Yahoo API Changes
Yahoo changed the API that applications need to use to retrieve the User Profile from their Social Directory API to a Yahoo /userinfo
endpoint. This change implies that the structure of the user profile for Yahoo users in Auth0 will change.
Auth0 previously loaded all the profile data that Yahoo returned, and added these additional fields that were mapped from the Yahoo profile.
Yahoo stopped returning url
, profileUrl
, isConnected
, and a set of other fields listed in Yahoo’s documentation (see "List Of Attributes Deprecated in Social Directory Profile Api"). Those other fields will also not be part of the profile.
The Yahoo /userinfo
endpoint returns different fields depending on the API permissions that you configure in the Yahoo Application definition. Yahoo lets you grant one of four permissions in the Profile (Social Directory) permissions section:
Read Public Basic
Read Public Extended
Read Write Public
Read Write Public and Private
Actions
When configuring the Yahoo Connection in your Auth0 Dashboard, select the attribute that corresponds to the permissions you granted in your Yahoo setup.
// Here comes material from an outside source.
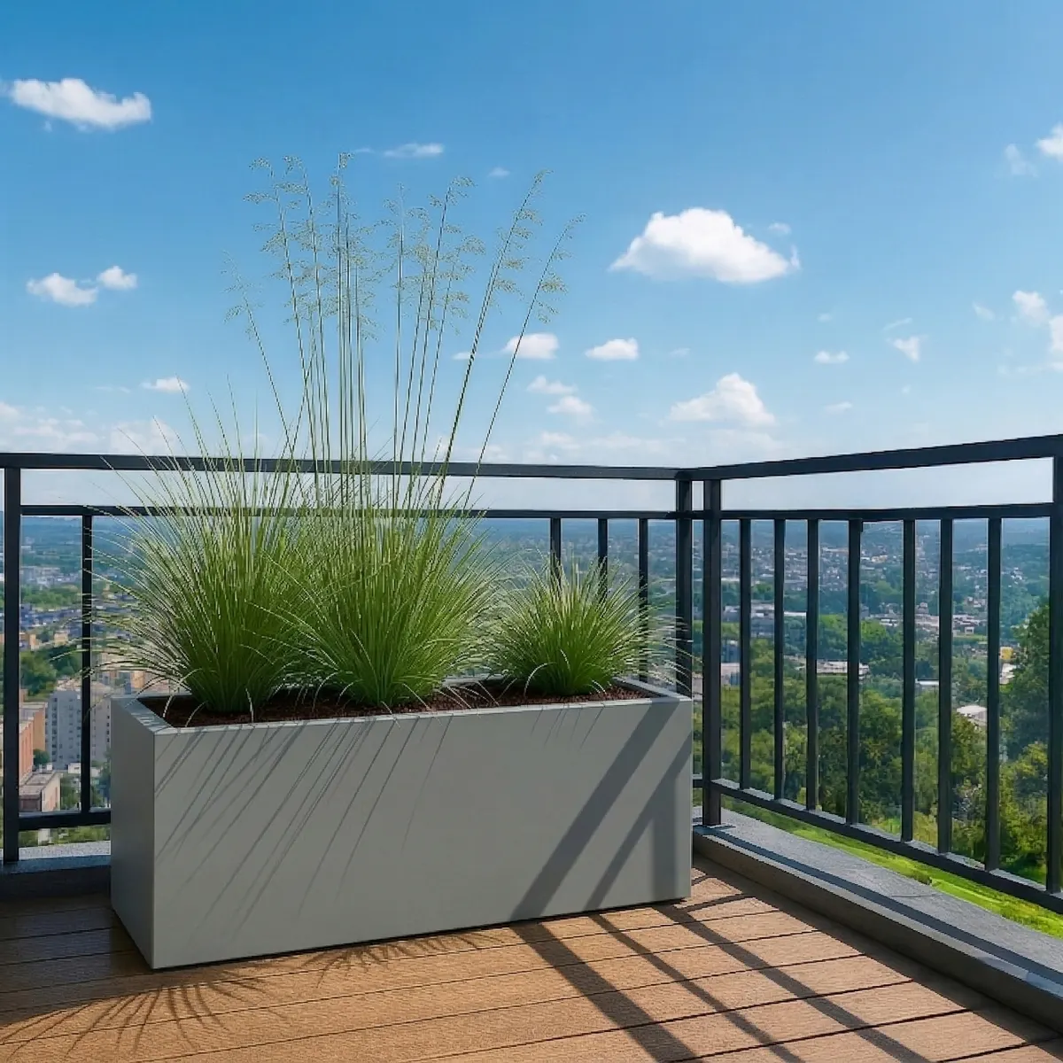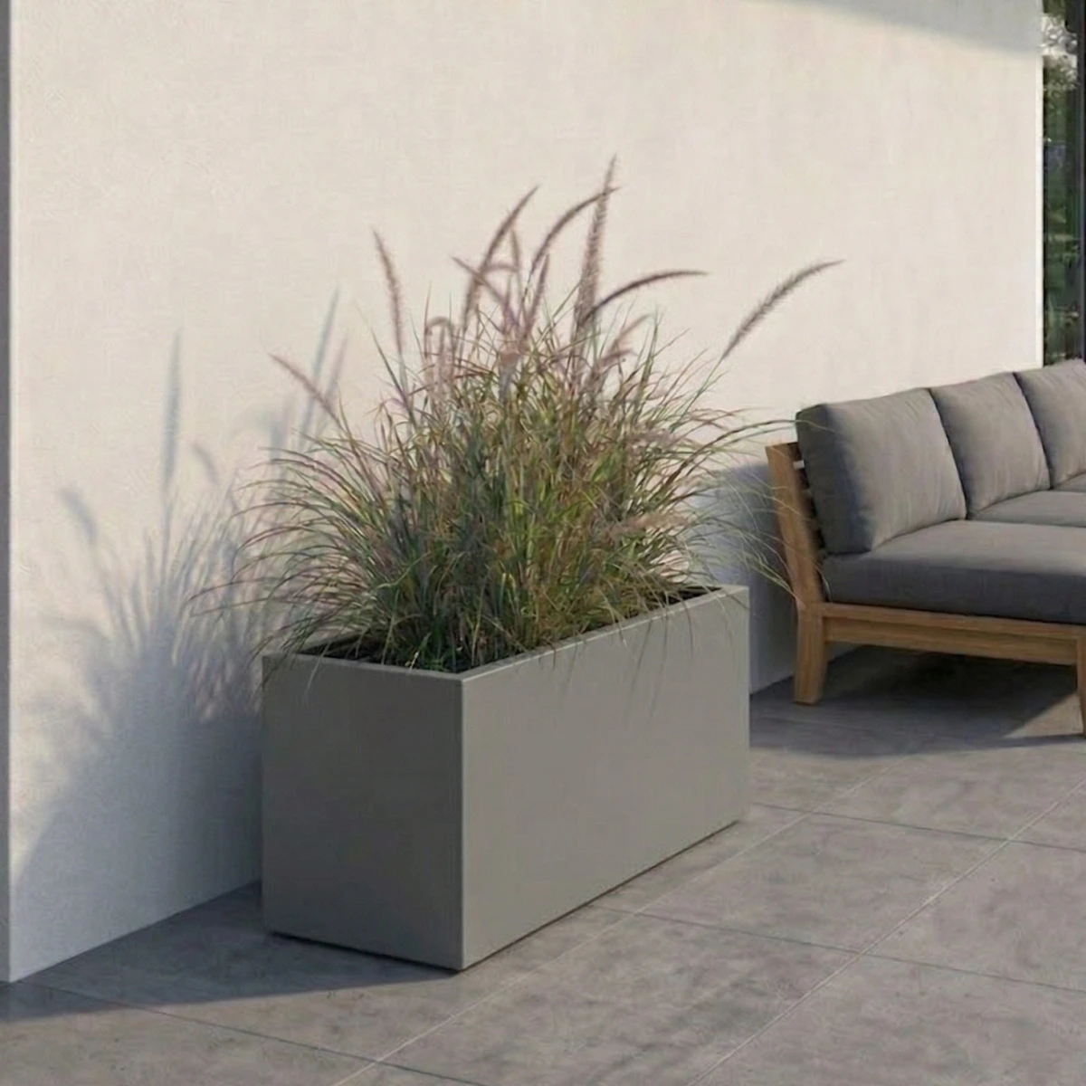Kolor szary mat (zbliżony do RAL 7037) to jeden z najbardziej uniwersalnych wyborów, który łatwo dopasować do różnych materiałów i stylów. Doskonale współgra z drewnem, betonem oraz metalem, tworząc spójne i eleganckie zestawienia. Szara donica tarasowa LINEO stanowi idealne tło dla zieleni, podkreślając jej naturalny charakter bez nadmiernego kontrastu.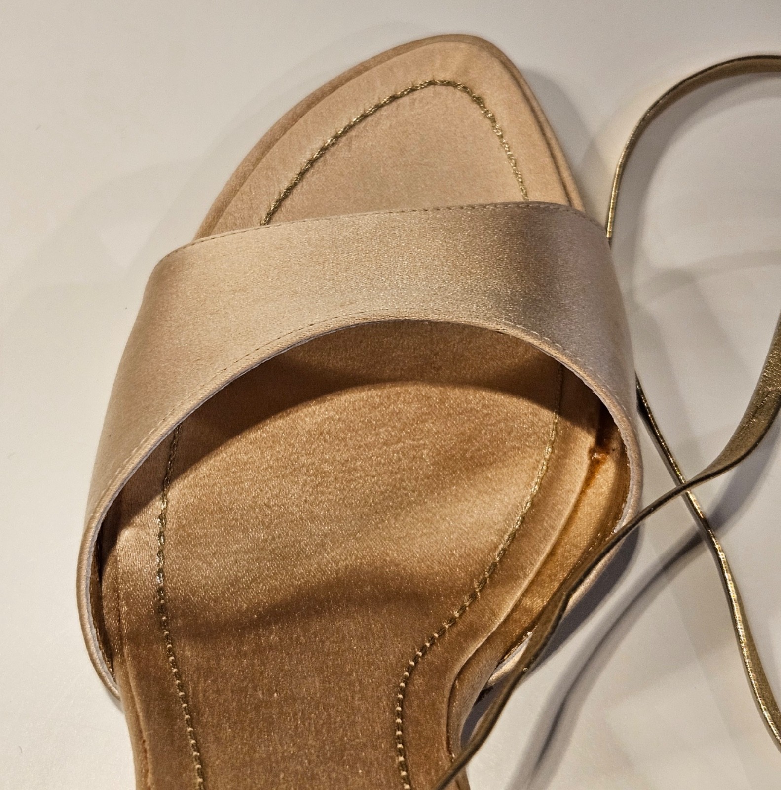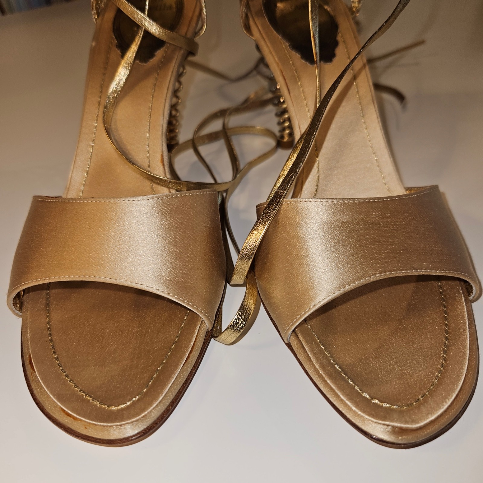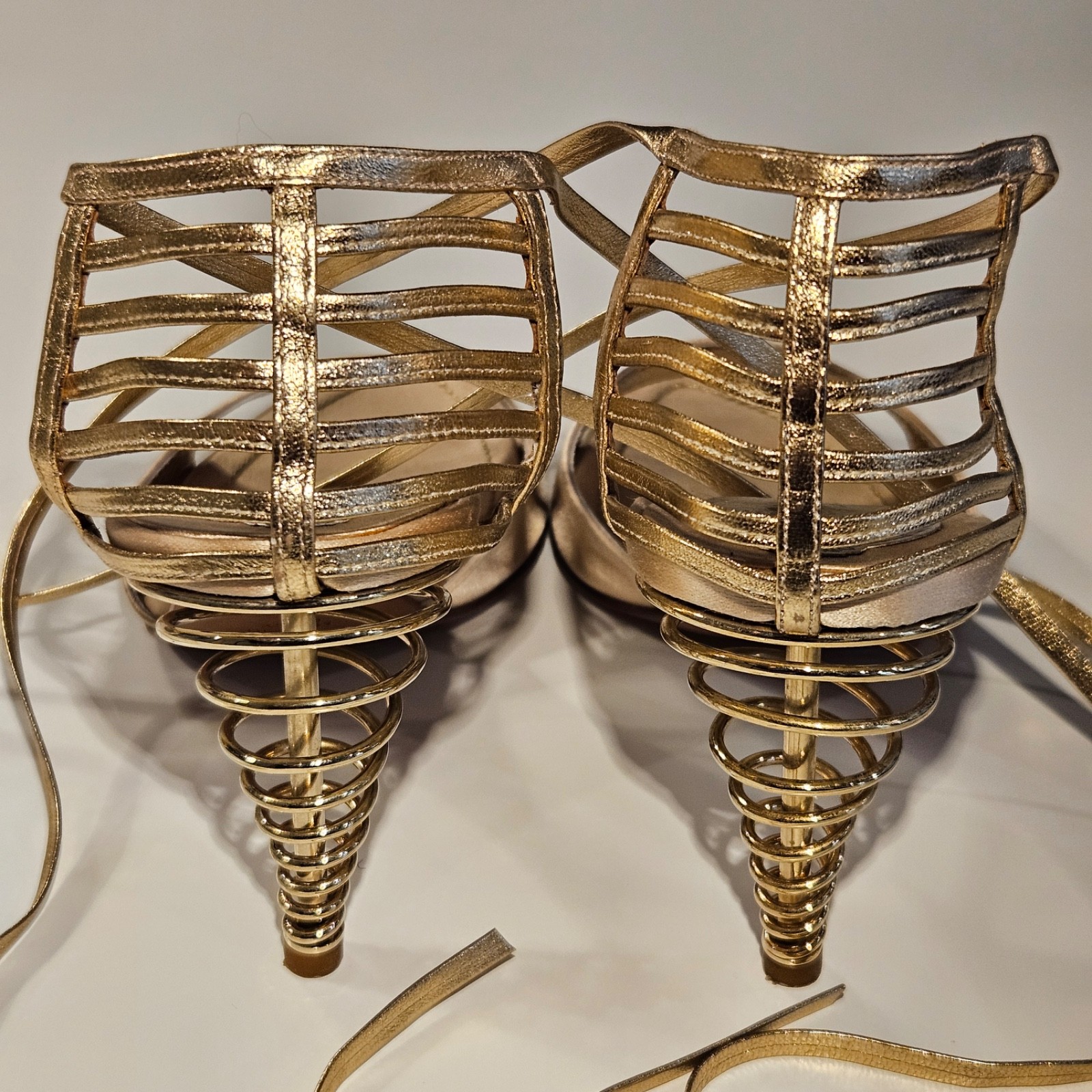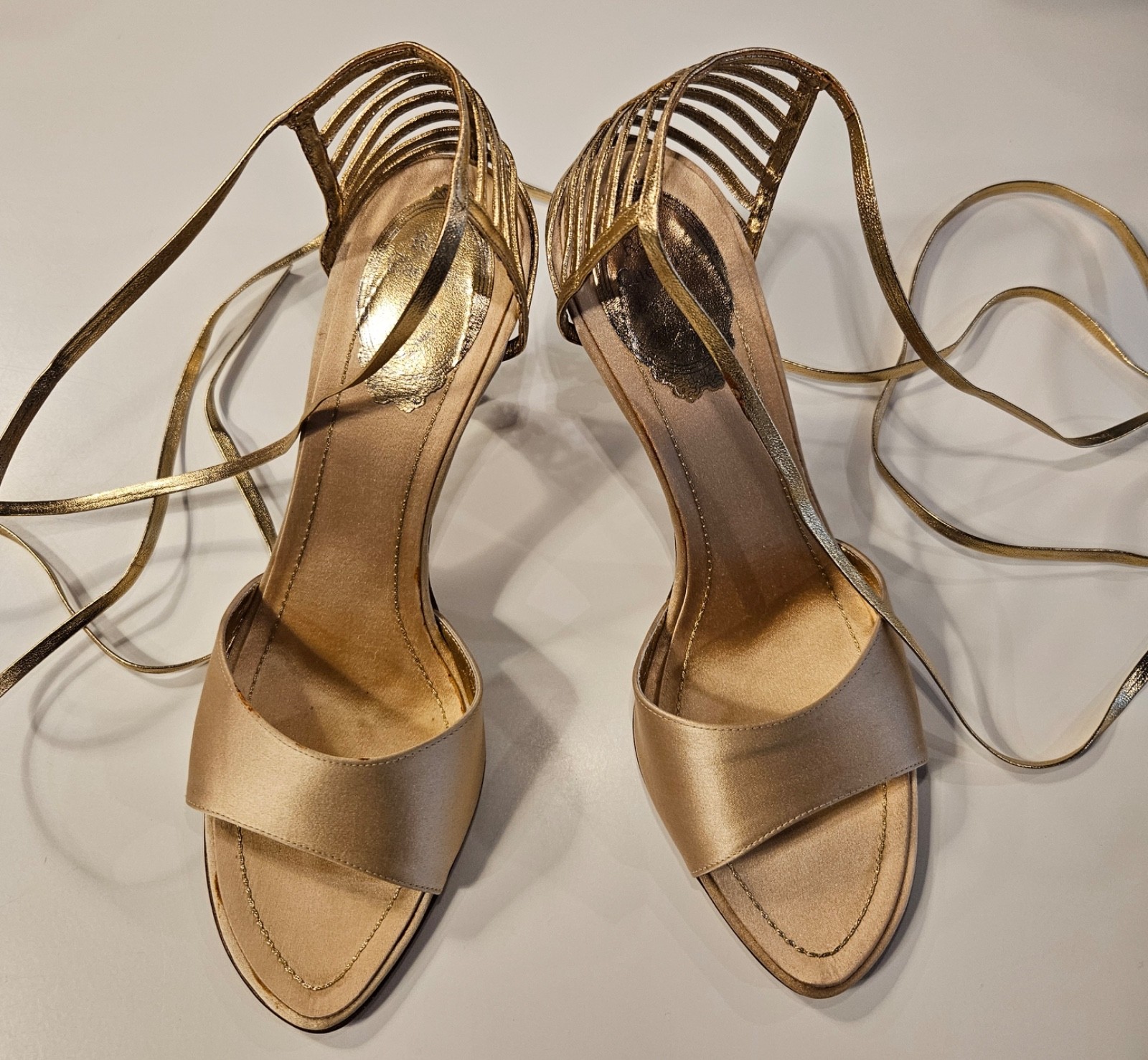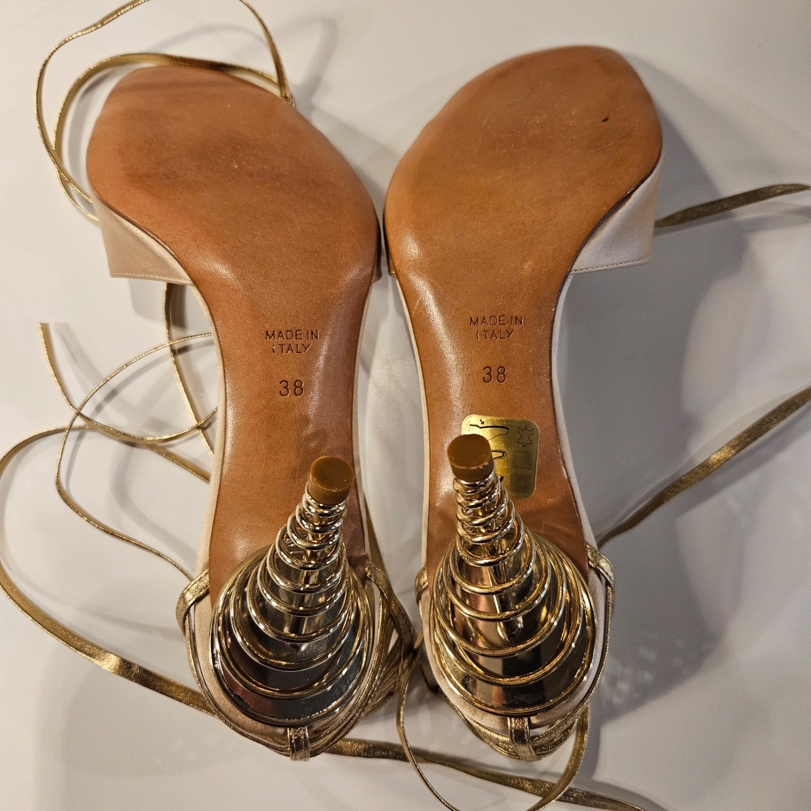 как выглядит Rene Caovilla rare champagne satin sandals, gold spiral heel, IT38 New with box фото

If you choose an attribute that does not match what you specified on Yahoo, the login transaction will fail.
If you do not select any permissions in the Auth0 connection settings, Auth0 will, by default, ask for the openid
scope which returns the profile fields that correspond to the API permission you specified in the Yahoo Application. For example, if your Yahoo application is configured with the Read Public Extended permission, Yahoo returns the following fields:
sub, name
given_name
family_name
locale
email
email_verified
birthdate
profile_images
picture
preferred_username
phone_number
nickname
If you are using the Yahoo connection to authenticate users and get their basic information, your application will continue to work without changes.
If your application is accessing fields in the user profile that are no longer available, then you will need to enable the correct Connection Attribute in the Auth0 Dashboard and adjust your application code to use the proper field names.